Not in coin—though God knew he’d paid plenty of that—but in blood. The merchant in Karez had been skittish, his eyes darting to the shadows as he unrolled the brittle parchment. "They say the city drinks men," he’d whispered. "That the sands hide more than gold."
Victor had laughed, slapped down his money, and left.
Now, standing at the cliff’s edge, he wondered if the fool had been right.
He pulled the map from his coat, the wind tugging at its edges. The ink was faded, the landmarks cryptic, but one symbol stood clear—a jagged cleft in the rock, marked with the sigil of a scorpion. The entrance.
His eyes scanned the basin below.
There.
A shadow at the base of the cliff, too straight to be natural. A crevice.
Victor grinned.
Then the wind shifted—and he smelled smoke.
Campfire.
Close.
Victor dropped flat against the dune, his hand going to his revolver. Slowly, he peered over the ridge.

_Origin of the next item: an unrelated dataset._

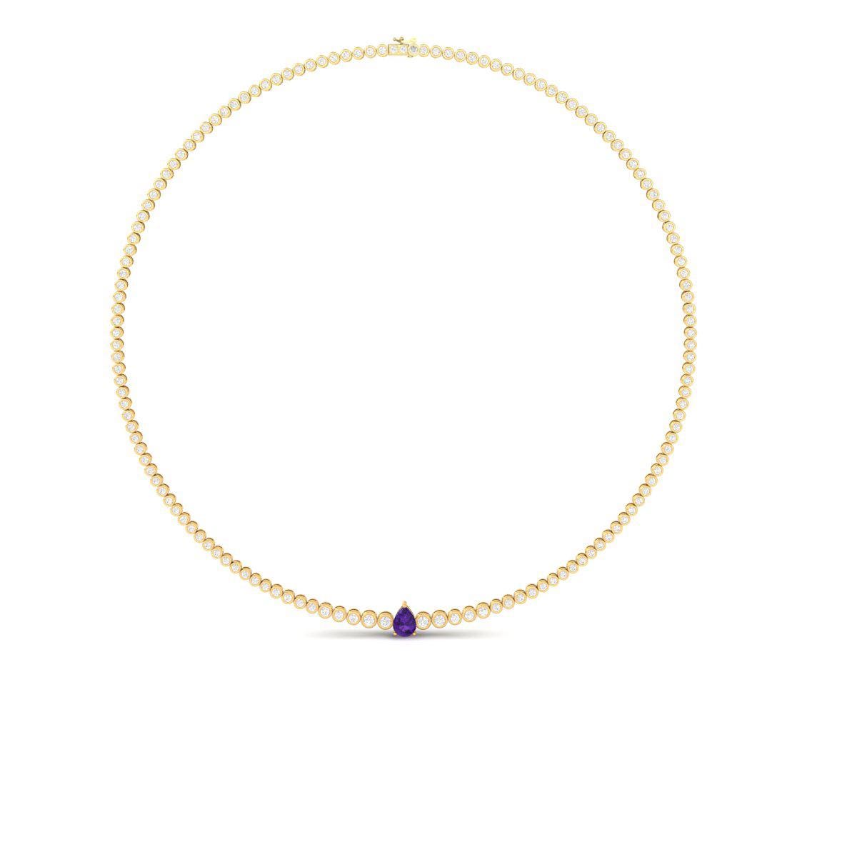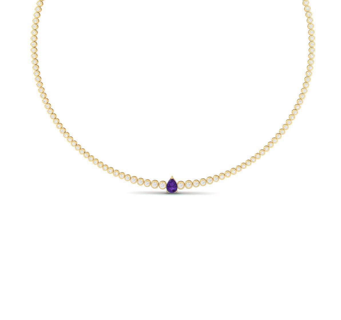 Pear Cut Tennis Necklace • Bezel Set Necklace • Handmade Diamond Jewelry • Mothers Day Gift for Her • Purple Gemstone Necklace

A half-mile west, nestled between two crumbling rock formations, a fire flickered. Figures moved around it—four, maybe five. One stood apart, tall and lean, her dark hair tied back. Even at this distance, Victor recognized the way she carried herself.
Elena Vasquez.
Damn it.
She’d beaten him here.
Or followed him.
Didn’t matter. What mattered was that if she’d found the entrance before him, the traps would already be sprung, the treasures picked clean.

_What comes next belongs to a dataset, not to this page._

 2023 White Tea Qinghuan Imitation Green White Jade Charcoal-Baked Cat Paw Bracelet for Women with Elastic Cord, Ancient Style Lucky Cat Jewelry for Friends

Victor’s jaw tightened. He could slip past them, reach the crevice first—
A hand clamped over his mouth.
Victor twisted, his knife flashing up—
And froze.
The man holding him was a ghost.
Or at least looked like one. His skin was leathery, his beard matted with dust, his eyes sunken and wild. But the blade at Victor’s throat was very real.

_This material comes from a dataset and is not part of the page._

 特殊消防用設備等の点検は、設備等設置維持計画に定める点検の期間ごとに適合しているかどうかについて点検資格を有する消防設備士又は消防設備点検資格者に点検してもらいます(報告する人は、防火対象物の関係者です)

"You walk toward death," the man rasped in a language Victor hadn’t heard in years—the old tongue of the desert nomads.
Victor stayed still. "You know this place?"
The man’s grip tightened. "Al’Kareth is not for thieves."
"I’m no thief."
A dry chuckle. "All men who seek the Jewel are thieves. Or fools."
Beyond them, a shout echoed from Elena’s camp. They’d been spotted.
The old man’s eyes flicked toward the sound—and Victor struck.
A twist, a slam of his elbow, and the knife grazed his neck as he broke free. The old man staggered but didn’t fall. Instead, he bared broken teeth in something like a smile.
"Quick. Good. You’ll need it."
Then he turned and vanished into the dunes, as if the desert had swallowed him whole.
Victor didn’t have time to wonder. Shouts rose from the camp. A gunshot cracked, the bullet kicking up sand near his feet.
He ran.
Not toward the crevice—not yet. Elena’s crew would expect that. Instead, he veered east, toward a jumble of boulders. Another shot rang out, closer.
He dove behind cover, his heart hammering.
Think. "Think.
The old man had known the city’s name. Known its dangers.
And he’d let Victor go.
Why?
The answer came as the wind shifted again, carrying not just the scent of smoke, but something else—something foul.
Rot.
Victor’s stomach turned. He’d smelled that stench before, in the war, in the tombs of dead kings.
Death wasn’t just waiting in Al’Kareth.
It was already here.
A shadow moved at the edge of his vision. He spun—
And saw it.
A figure, draped in tattered cloth, standing atop a dune. Watching.
No. Not standing.
"Floating."
Victor’s blood went cold.
The figure raised a skeletal hand—and pointed straight at him.
Then the sand beneath it *shifted*, and it was gone.
Victor didn’t believe in ghosts.
But he believed in staying alive.
Another gunshot. Elena’s voice, sharp with command. "Find him!"
Victor made his decision.
He bolted from the rocks, not toward the crevice, not toward safety—but straight into the open desert, where the dunes rose like waves. Let Elena think he was fleeing. Let her waste time chasing him.
Because the old man had been right.
Al’Kareth wasn’t for thieves.
And if Victor wanted its secrets, he’d have to be something else.
Something smarter.
Something "hungrier."
As the sun finally broke over the horizon, painting the sands in blood-red light, Victor Kane ran—and the desert ran with him.